It’s the day before Christmas Eve. It’s 4 o’clock in the afternoon, and the drury sky has been the same shade of gray and glum all day long. I’m biking across town, which is one of my favorite activities to relax. It calms me to roll through the shifts in urban landscape, and calm is exactly what I need among the fury of cars that I imagine must be whizzing from shop to shop gift buying.
At this point in my ride, I’ve just pedaled underneath IH 35, headed east on 4th street. I head north on Chicon Street. There is a stark contrast between east and west 6th Street at the intersection of 6th and Chicon. The traffic has lulled enough for it to feel inviting, so I head further East on 6th street.
I pass the familiar sites, the Sixth Street Cool corner store with Bob Marley’s portrait smiling back at me. I think of him as an urban Mona Lisa, his smile following me at a diagonal as I turn the corner.
Next comes the bright blue and gold of Bike Texas Headquarters. I had been inside Bike Texas during the annual Bike-to-Work breakfast stop last year. Today, though, it was what was outside of Bike Texas that had me concerned.
I stopped pedaling and let the wheels cruise along the street. In my memory of the event, the parking lot was empty. Lights off, nobody home inside Bike Texas. There was one sole bicycle on the rack at Bike Texas, and next to the bicycle was a man with what looked like a file in his hand while he fiddled with the lock. My gut instinct was that this bike is being stolen. Right here and right now in broad daylight and I’m watching it occur. I yelled out from my bike on the other side of the street, “You stealing a bike?”

I had a beanie hat covering my ears, and a helmet on on top of that, and I couldn’t make out exact words of the man’s response, but the body language and tone of voice was gruff and terse. And the nature of his response confirmed what my stomach was telling me.
I am a little ashamed to say it, but my first though was, “Oh well, it’s none of my business.” And then my mind followed up that thought with, “There’s no way I’m stopping to approach that man by myself.” The momentum of the motion of the bicycle kept my wheels rolling away from the scene. “If someone saw my bike being stolen, I would want them to intervene.” Calling the police was out of the question for me. I didn’t want anyone being arrested and going to jail for petty theft. Behind bars would be a horrible way to spend Christmas Eve.
The light bulb went off in my head: I knew someone who works at Bike Texas. I’d call her instead of the law enforcement. Fortunately, she answered the call, and to my chagrin she said she was inside the closed Bike Texas Headquarters at that exact moment. I quickly gave her the low down on what I saw outside Bike Texas. She thanked me and said she would check on the scene out front.

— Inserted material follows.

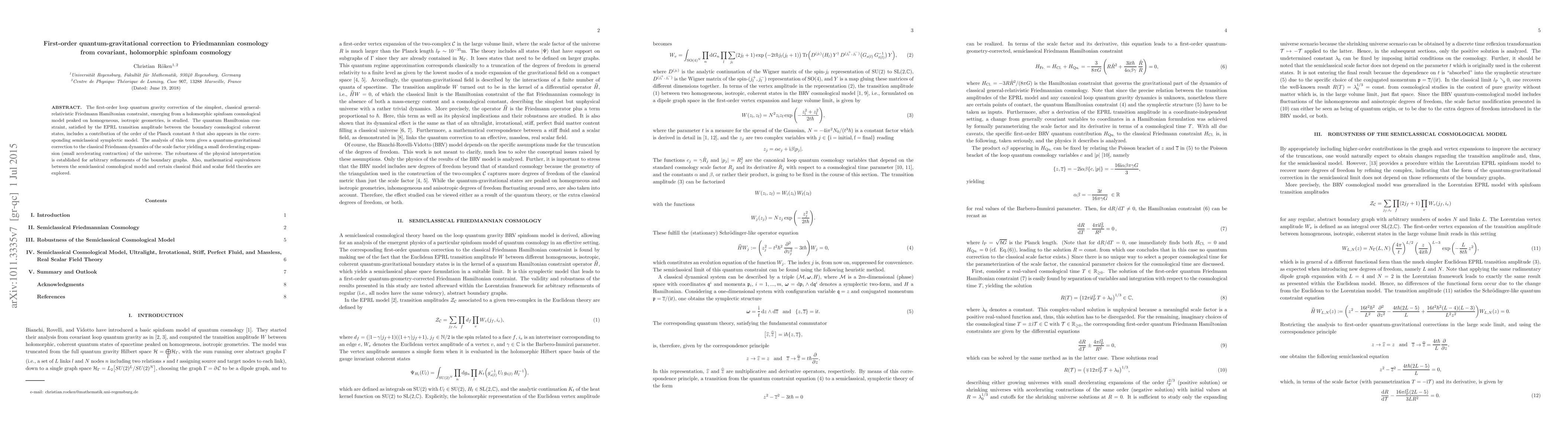 The first-order loop quantum gravity correction of the simplest, classical general-relativistic Friedmann Hamiltonian constraint, emerging from a holomorphic spinfoam cosmological model peaked on homogeneous, isotropic geometries, is studied. The quantum Hamiltonian constraint, satisfied by the EPRL transition amplitude between the boundary cosmological coherent states, includes a contribution of the order of the Planck constant $\hbar$ that also appears in the corresponding semiclassical symplectic model. The analysis of this term gives a quantum-gravitational correction to the classical Friedmann dynamics of the scale factor yielding a small decelerating expansion (small accelerating contraction) of the universe. The robustness of the physical interpretation is established for arbitrary refinements of the boundary graphs. Also, mathematical equivalences between the semiclassical cosmological model and certain classical fluid and scalar field theories are explored.

A few minutes later, she texted me back. She recognized the man I saw out front as a known bike thief in Austin. However, she stated there was no bicycle on the rack for him to steal. I gulped! I was too late! The bike was already re-located, gone, vamoosh! – into thin air it seemed. Five minutes couldn’t have passed since first site of the bike theft to this text message.
Within those five minutes I had traveled half a mile away from the scene, and I now questioned the events that happened. “Was the bicycle a mirage of sorts?” I asked myself. Did I imagine it being there? Or if I had stayed at the scene would the bike still be there tethered to the rack with it’s lock?
Who knows? It’s an unsolved bike theft mystery. However, for now I make it a point to take the same route along east 6th street when headed to and from downtown to see if the mirage of the blue cruiser bicycle ever shows up again.









on Jan 11th, 2012 at 10:49 am
This is why, as a bleeding heart liberal, I hate bleeding heart liberals. You caught someone stealing a bike yet didn’t call the police to investigate because you didn’t want a criminal to have to spend Christmas eve in jail. I’m sure the person who had their only means of transportation stolen right before Christmas eve thanks you for your kind-hearted decision. It is better to make sure the criminal has a good Christmas instead of the victim, right? And we wonder why we end up with a president who cowers and buckles to tea-party demands at every turn.